About
Due
Wednesday 5/1/19, 11:59 PM CST
Goal
In this homework set, you will extend from neural network with simple fully connected layers (as in Homework 8) and learn to use convolution layers, batch normailzation, and advanced features to improve the accuracy.
Code and External Libraries
The assignment must be done using PyTorch platform and GPU. Do all of your work in the provided iPython notebook.

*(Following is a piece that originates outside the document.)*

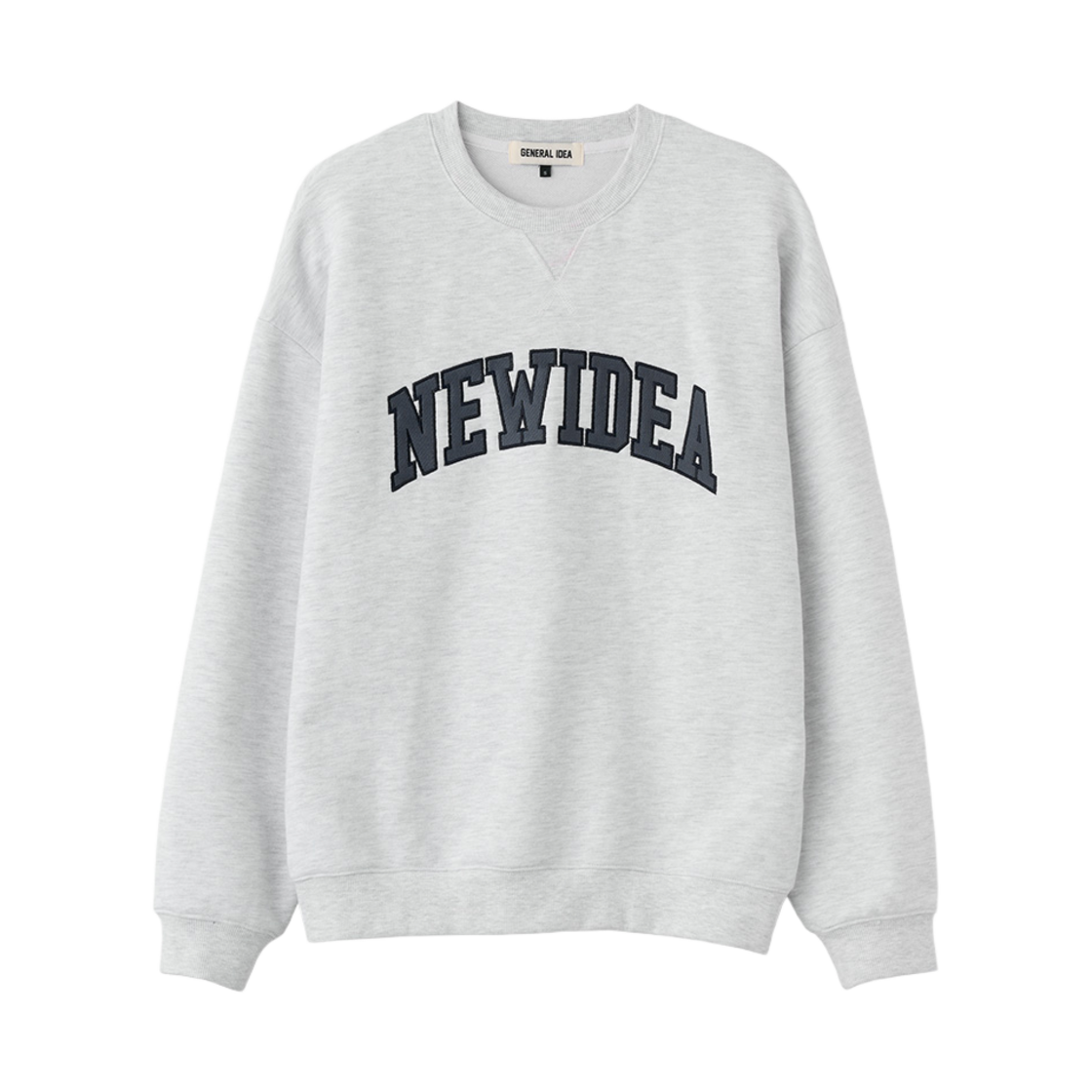 제너럴아이디어 유니섹스 뉴아이디어 아플리케 오버핏 맨투맨 화이트 멜란지 그레이

The libraries you may need to have are in this requirements.txt file.
Problems
Total points: 100
- Download the Python Notebook here. Alternatively, you can access a read-only version on colab here (update 4/19: added definition of Flatten class and train function in part 0) of which you will need to make a copy.
- There are cells for you to input code, as well as text. Make sure to fill in all such cells before submission. Important information and sections are in bold.
- The report requirement is described in the notebook also. Please check the detail there.
Submission
Submission will be through gradescope
Deliverables
- Your python notebook renamed as netid_HW10.ipynb. Submit this in the HW10 Code section.
- Convert your python notebook with all outputs and questions answered into PDF format. Name it netid_HW10.pdf. Submit this in the HW10 Report section
Note: Make sure that your training plots are visible after converting to PDF. If this becomes difficult, save the plots as images and attach them to the end of your PDF submission.